## WORK TASK
The answer should hold only the lines from the one containing "Curator: So here" through the one containing "欢乐与静谧的融合是本案的生活" in the entries below, copied exactly, without pictures.

## Records drawn from a dataset

☆ ☆ ☆ ☆ ☆

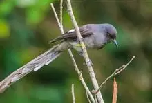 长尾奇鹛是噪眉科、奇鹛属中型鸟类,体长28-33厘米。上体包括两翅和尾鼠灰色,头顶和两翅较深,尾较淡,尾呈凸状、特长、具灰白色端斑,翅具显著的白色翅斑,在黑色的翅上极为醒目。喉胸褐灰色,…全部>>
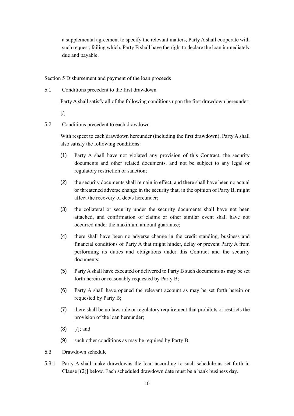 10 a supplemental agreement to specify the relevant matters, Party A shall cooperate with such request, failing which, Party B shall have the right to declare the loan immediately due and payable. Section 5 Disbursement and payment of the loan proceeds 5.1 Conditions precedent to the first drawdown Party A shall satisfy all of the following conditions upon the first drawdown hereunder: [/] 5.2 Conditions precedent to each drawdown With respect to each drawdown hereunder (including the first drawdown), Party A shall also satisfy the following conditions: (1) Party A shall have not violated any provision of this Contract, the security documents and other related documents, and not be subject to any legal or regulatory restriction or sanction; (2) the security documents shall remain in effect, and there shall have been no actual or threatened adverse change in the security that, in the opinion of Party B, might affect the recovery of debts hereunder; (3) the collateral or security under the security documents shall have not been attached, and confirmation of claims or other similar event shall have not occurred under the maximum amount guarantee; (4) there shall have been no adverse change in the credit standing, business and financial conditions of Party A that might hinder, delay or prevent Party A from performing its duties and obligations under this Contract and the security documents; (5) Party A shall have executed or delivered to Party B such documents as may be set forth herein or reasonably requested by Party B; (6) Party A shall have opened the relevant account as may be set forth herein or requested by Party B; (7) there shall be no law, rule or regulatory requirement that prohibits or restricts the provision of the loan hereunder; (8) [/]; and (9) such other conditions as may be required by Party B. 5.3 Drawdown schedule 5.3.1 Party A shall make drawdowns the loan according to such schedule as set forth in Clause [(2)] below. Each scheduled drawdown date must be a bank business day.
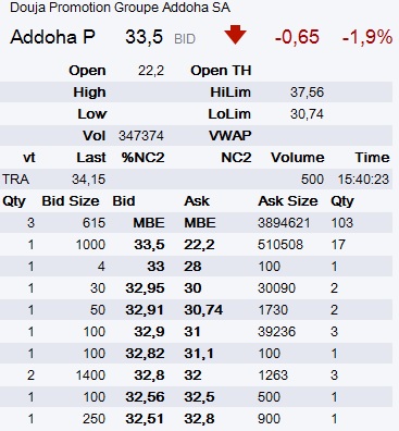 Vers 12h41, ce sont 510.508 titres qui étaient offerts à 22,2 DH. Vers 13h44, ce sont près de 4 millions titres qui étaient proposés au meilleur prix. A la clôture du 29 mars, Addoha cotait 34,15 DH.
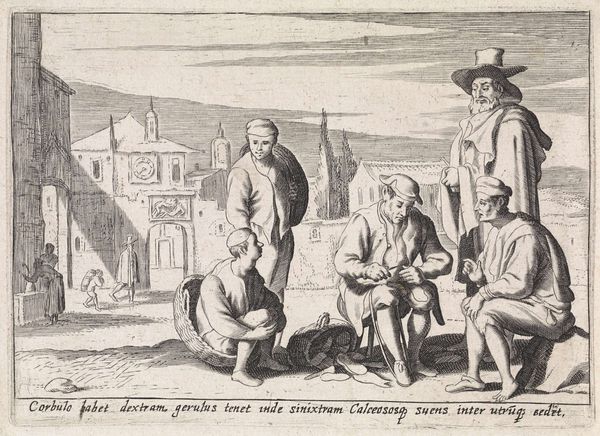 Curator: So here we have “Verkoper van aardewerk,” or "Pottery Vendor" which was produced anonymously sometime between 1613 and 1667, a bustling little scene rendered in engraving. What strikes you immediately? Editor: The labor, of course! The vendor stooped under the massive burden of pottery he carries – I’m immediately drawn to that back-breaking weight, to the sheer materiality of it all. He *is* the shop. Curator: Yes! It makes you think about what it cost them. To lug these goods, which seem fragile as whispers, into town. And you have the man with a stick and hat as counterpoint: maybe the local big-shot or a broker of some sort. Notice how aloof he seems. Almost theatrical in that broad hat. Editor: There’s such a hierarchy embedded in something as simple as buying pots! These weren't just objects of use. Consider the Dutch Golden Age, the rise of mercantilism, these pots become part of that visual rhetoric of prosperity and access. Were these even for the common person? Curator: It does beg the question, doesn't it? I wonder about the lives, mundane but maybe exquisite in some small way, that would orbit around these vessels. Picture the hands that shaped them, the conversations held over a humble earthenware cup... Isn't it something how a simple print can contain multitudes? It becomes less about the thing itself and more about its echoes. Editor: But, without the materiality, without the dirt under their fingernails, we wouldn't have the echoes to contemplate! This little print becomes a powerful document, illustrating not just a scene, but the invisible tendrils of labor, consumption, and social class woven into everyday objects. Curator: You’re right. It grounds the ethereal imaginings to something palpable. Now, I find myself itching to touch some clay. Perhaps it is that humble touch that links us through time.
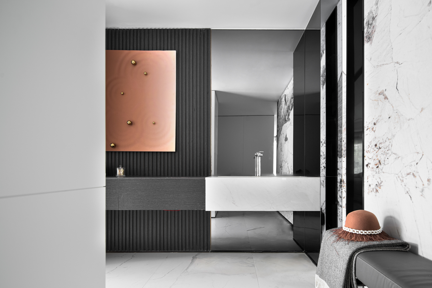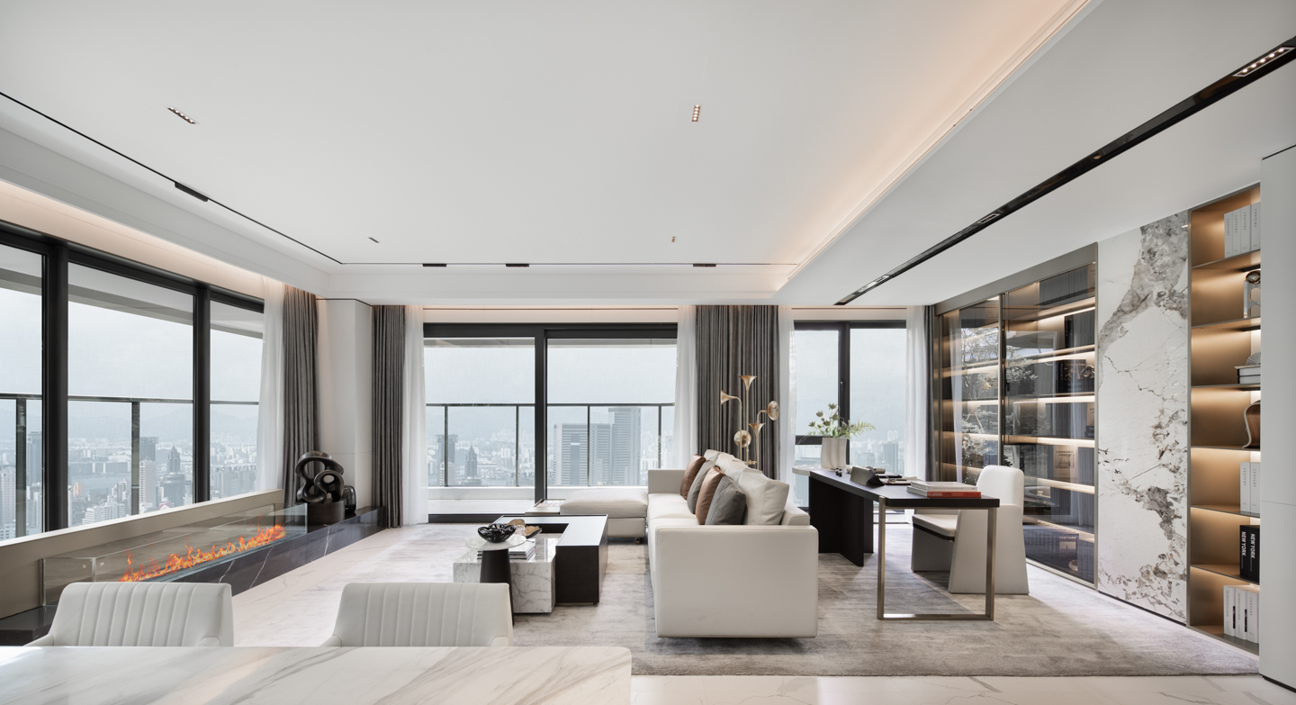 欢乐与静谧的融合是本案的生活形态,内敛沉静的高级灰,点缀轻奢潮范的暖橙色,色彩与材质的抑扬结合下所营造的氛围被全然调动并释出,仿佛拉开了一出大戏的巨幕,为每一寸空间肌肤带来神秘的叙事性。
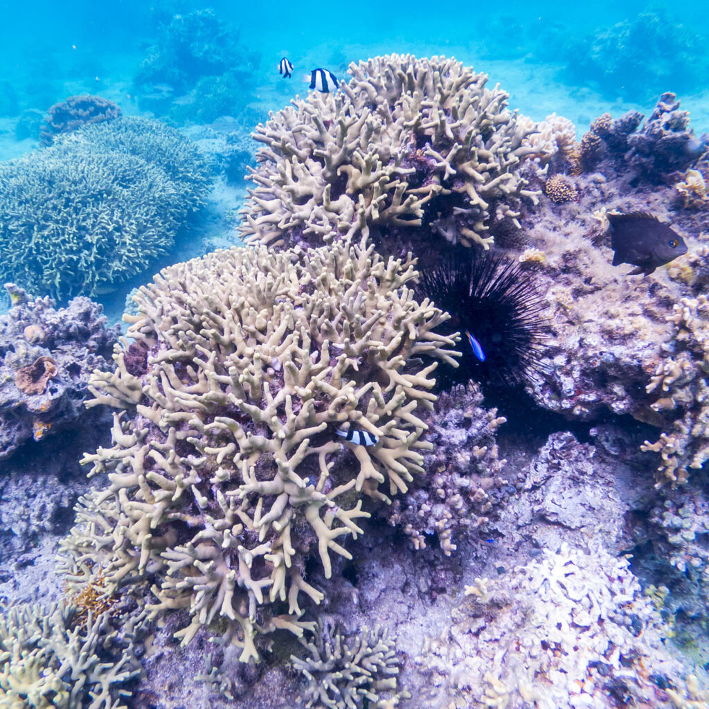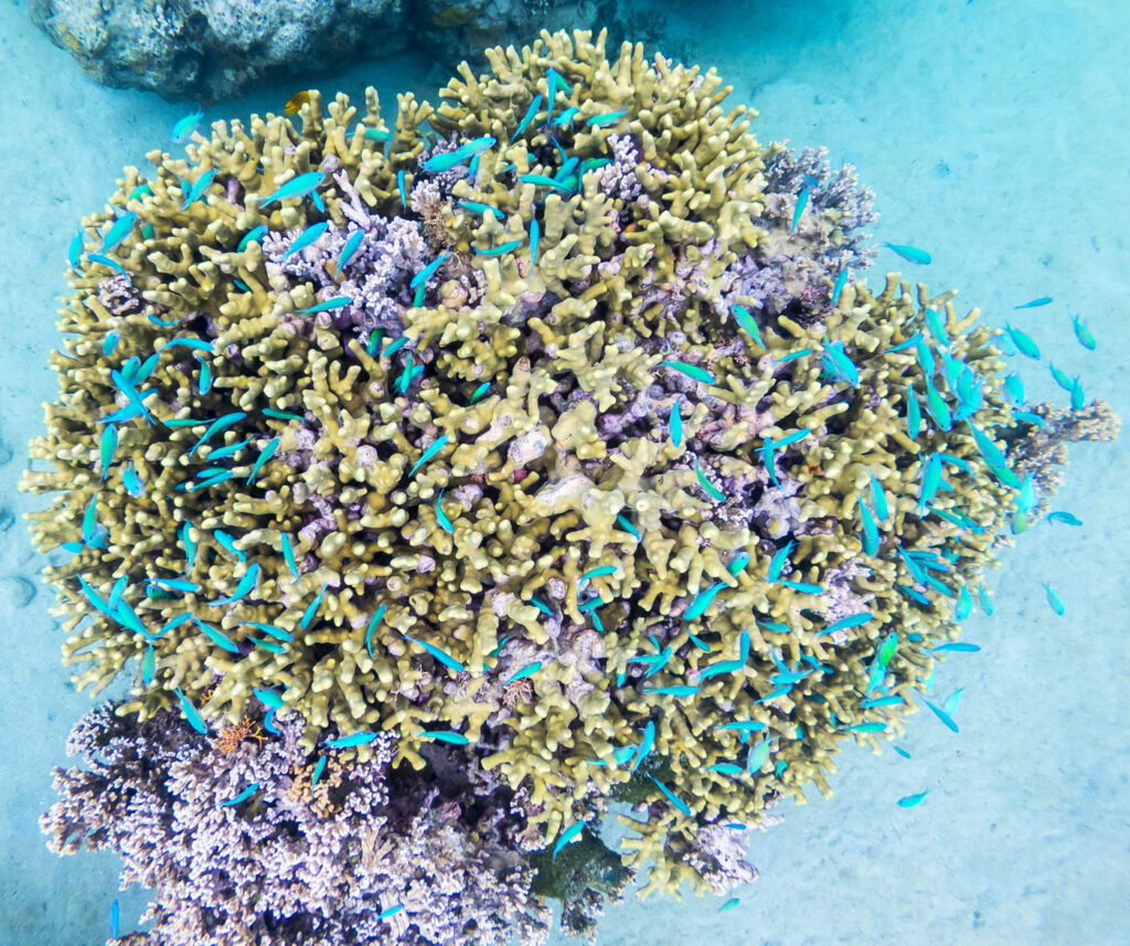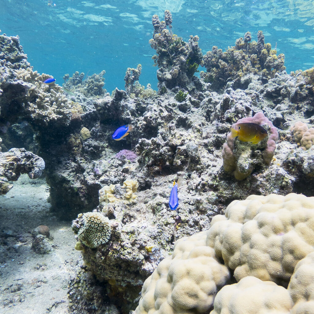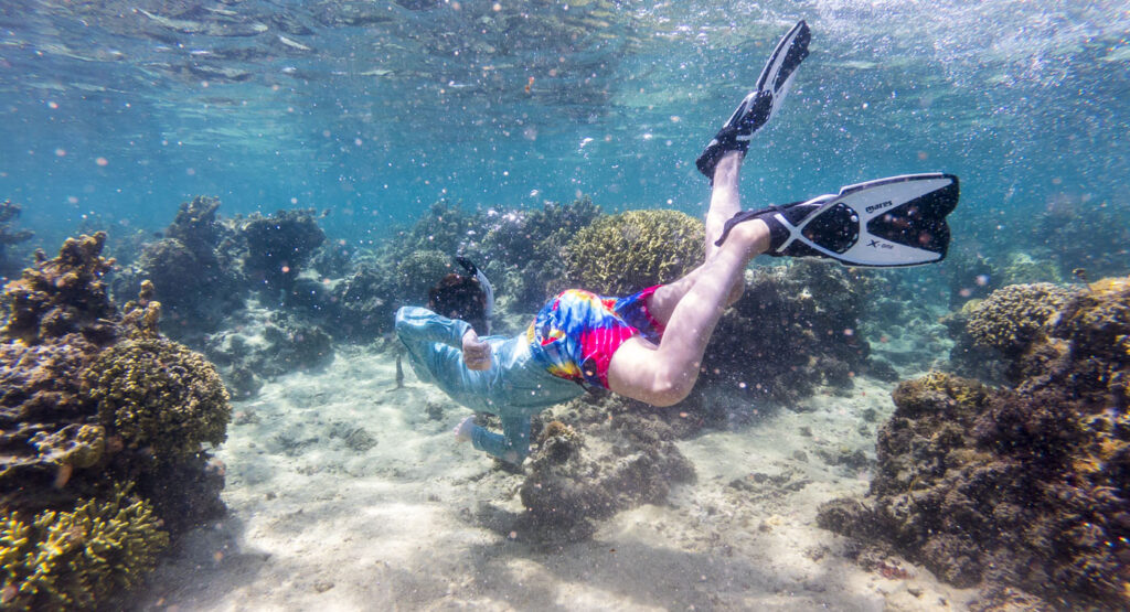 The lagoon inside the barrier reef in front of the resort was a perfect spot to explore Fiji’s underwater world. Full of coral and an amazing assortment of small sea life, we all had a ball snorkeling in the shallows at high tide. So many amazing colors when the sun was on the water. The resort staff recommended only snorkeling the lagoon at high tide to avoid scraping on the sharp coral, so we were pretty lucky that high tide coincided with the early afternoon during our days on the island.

☆ ☆ ☆ ☆ ☆

## ANSWER TO THE PROBLEM
 Curator: So here we have “Verkoper van aardewerk,” or "Pottery Vendor" which was produced anonymously sometime between 1613 and 1667, a bustling little scene rendered in engraving. What strikes you immediately? Editor: The labor, of course! The vendor stooped under the massive burden of pottery he carries – I’m immediately drawn to that back-breaking weight, to the sheer materiality of it all. He *is* the shop. Curator: Yes! It makes you think about what it cost them. To lug these goods, which seem fragile as whispers, into town. And you have the man with a stick and hat as counterpoint: maybe the local big-shot or a broker of some sort. Notice how aloof he seems. Almost theatrical in that broad hat. Editor: There’s such a hierarchy embedded in something as simple as buying pots! These weren't just objects of use. Consider the Dutch Golden Age, the rise of mercantilism, these pots become part of that visual rhetoric of prosperity and access. Were these even for the common person? Curator: It does beg the question, doesn't it? I wonder about the lives, mundane but maybe exquisite in some small way, that would orbit around these vessels. Picture the hands that shaped them, the conversations held over a humble earthenware cup... Isn't it something how a simple print can contain multitudes? It becomes less about the thing itself and more about its echoes. Editor: But, without the materiality, without the dirt under their fingernails, we wouldn't have the echoes to contemplate! This little print becomes a powerful document, illustrating not just a scene, but the invisible tendrils of labor, consumption, and social class woven into everyday objects. Curator: You’re right. It grounds the ethereal imaginings to something palpable. Now, I find myself itching to touch some clay. Perhaps it is that humble touch that links us through time.
 欢乐与静谧的融合是本案的生活形态,内敛沉静的高级灰,点缀轻奢潮范的暖橙色,色彩与材质的抑扬结合下所营造的氛围被全然调动并释出,仿佛拉开了一出大戏的巨幕,为每一寸空间肌肤带来神秘的叙事性。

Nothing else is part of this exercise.